● **Your instructions**: The answer is the exact run of lines in the listing below from the line containing "Let op, de kleuren" up to and including the line containing "Citlivě zrekonstruovaný byt", with pictures removed.

● **Material for the task**:
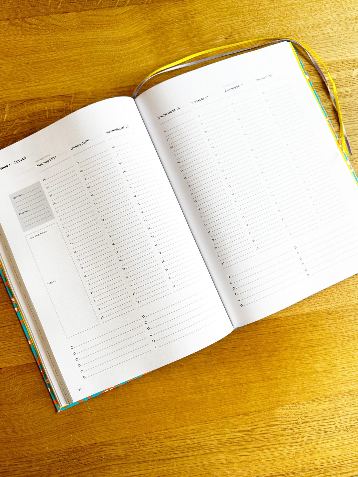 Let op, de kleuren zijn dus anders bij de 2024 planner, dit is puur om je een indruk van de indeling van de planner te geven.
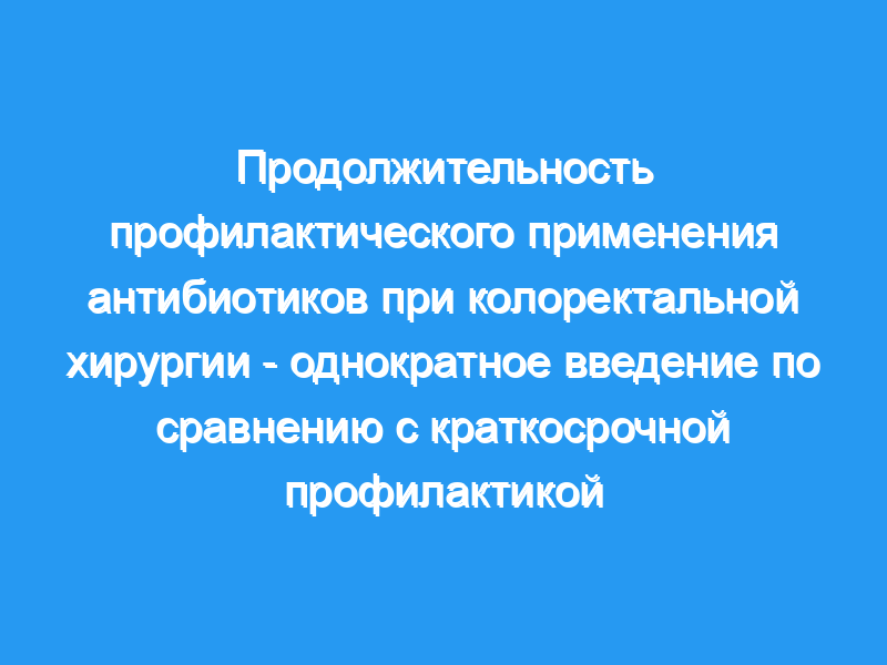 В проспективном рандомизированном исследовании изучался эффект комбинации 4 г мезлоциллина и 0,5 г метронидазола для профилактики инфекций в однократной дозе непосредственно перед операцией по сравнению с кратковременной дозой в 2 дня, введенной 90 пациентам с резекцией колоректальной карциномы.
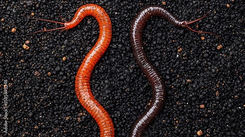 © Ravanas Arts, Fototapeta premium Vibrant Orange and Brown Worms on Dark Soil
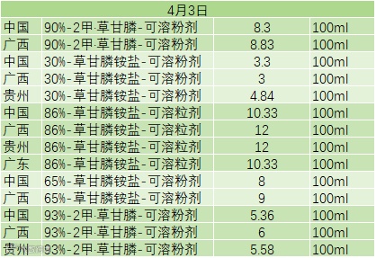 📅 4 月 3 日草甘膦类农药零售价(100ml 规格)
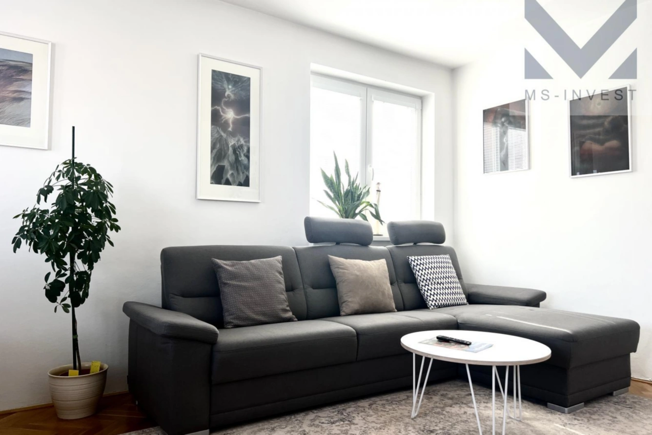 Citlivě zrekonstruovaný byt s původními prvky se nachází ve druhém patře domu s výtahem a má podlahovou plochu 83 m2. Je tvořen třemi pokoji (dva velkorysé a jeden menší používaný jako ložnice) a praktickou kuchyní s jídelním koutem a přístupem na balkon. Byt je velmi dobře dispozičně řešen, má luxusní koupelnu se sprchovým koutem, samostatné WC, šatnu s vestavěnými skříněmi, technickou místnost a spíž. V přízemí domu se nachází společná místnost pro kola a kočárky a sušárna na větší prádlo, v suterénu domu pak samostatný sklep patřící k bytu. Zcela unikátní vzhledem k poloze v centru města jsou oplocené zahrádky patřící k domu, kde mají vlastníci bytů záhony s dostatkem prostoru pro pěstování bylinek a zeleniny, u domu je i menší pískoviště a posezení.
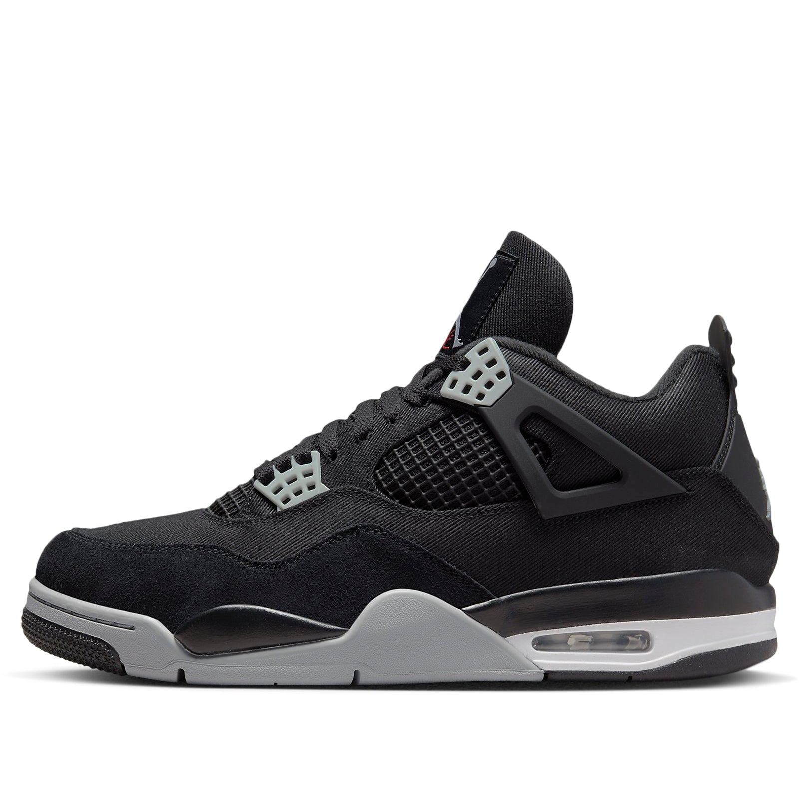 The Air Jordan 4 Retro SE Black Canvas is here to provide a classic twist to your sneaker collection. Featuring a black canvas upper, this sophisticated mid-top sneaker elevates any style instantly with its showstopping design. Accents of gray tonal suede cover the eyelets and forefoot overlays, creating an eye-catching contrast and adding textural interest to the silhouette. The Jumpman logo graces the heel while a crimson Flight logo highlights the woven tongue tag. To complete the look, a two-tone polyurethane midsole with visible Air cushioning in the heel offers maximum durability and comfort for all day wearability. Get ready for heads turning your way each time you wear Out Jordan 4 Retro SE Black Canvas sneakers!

---

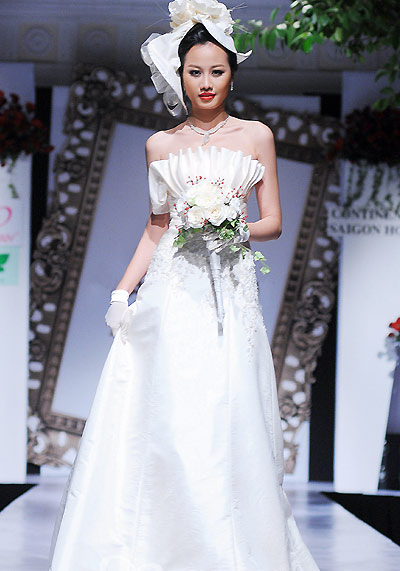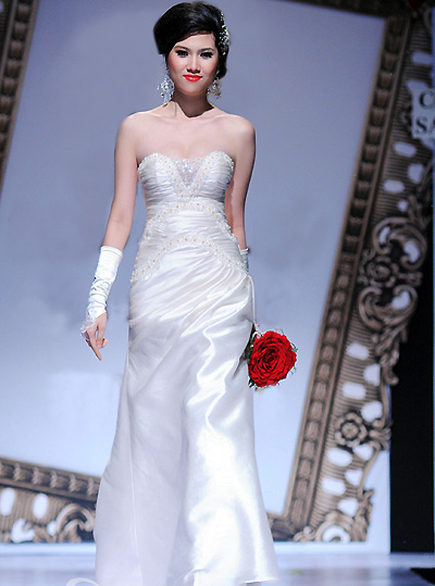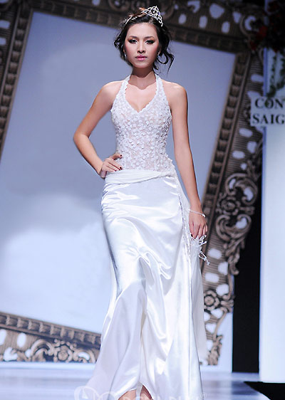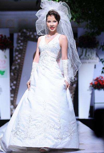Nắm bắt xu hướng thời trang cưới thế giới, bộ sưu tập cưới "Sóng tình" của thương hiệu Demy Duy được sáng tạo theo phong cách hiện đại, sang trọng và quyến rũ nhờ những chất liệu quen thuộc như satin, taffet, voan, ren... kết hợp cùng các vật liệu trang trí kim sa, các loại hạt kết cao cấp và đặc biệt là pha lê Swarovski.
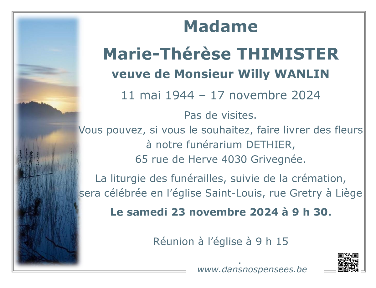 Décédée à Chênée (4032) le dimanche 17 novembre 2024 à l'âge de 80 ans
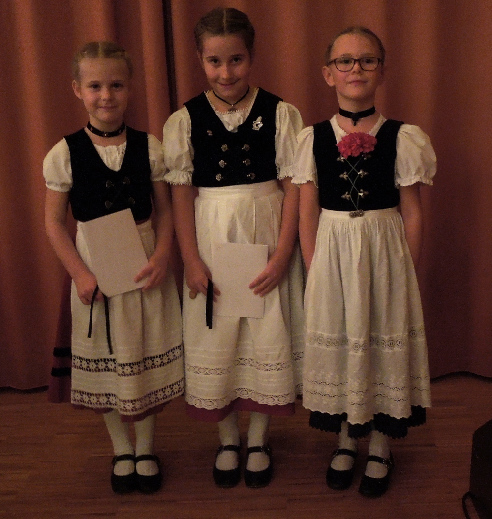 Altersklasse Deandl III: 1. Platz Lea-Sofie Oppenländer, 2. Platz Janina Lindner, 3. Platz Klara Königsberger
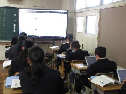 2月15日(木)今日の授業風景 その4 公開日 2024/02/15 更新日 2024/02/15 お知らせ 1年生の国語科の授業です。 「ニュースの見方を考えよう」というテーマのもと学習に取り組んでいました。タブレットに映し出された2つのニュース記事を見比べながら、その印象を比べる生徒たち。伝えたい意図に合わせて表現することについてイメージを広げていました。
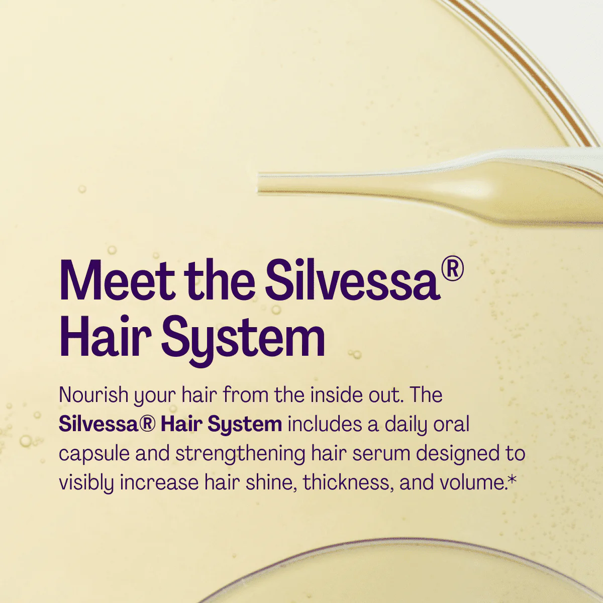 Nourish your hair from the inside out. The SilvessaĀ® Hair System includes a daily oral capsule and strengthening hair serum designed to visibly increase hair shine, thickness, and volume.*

---

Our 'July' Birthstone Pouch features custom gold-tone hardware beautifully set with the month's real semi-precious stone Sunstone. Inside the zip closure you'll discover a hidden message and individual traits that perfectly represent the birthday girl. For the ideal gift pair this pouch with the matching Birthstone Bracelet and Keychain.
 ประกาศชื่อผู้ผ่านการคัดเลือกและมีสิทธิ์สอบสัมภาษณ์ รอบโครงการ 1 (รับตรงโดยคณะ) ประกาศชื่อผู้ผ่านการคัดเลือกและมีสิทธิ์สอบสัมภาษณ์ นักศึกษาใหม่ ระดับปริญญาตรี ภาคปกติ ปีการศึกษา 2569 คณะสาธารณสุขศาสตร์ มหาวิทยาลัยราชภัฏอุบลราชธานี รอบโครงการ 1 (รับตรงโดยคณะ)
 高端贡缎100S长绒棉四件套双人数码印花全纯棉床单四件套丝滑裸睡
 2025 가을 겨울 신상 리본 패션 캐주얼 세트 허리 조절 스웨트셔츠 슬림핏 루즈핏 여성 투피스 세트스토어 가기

● **Reply to the exercise**:
 Let op, de kleuren zijn dus anders bij de 2024 planner, dit is puur om je een indruk van de indeling van de planner te geven.
 В проспективном рандомизированном исследовании изучался эффект комбинации 4 г мезлоциллина и 0,5 г метронидазола для профилактики инфекций в однократной дозе непосредственно перед операцией по сравнению с кратковременной дозой в 2 дня, введенной 90 пациентам с резекцией колоректальной карциномы.
 © Ravanas Arts, Fototapeta premium Vibrant Orange and Brown Worms on Dark Soil
 📅 4 月 3 日草甘膦类农药零售价(100ml 规格)
 Citlivě zrekonstruovaný byt s původními prvky se nachází ve druhém patře domu s výtahem a má podlahovou plochu 83 m2. Je tvořen třemi pokoji (dva velkorysé a jeden menší používaný jako ložnice) a praktickou kuchyní s jídelním koutem a přístupem na balkon. Byt je velmi dobře dispozičně řešen, má luxusní koupelnu se sprchovým koutem, samostatné WC, šatnu s vestavěnými skříněmi, technickou místnost a spíž. V přízemí domu se nachází společná místnost pro kola a kočárky a sušárna na větší prádlo, v suterénu domu pak samostatný sklep patřící k bytu. Zcela unikátní vzhledem k poloze v centru města jsou oplocené zahrádky patřící k domu, kde mají vlastníci bytů záhony s dostatkem prostoru pro pěstování bylinek a zeleniny, u domu je i menší pískoviště a posezení.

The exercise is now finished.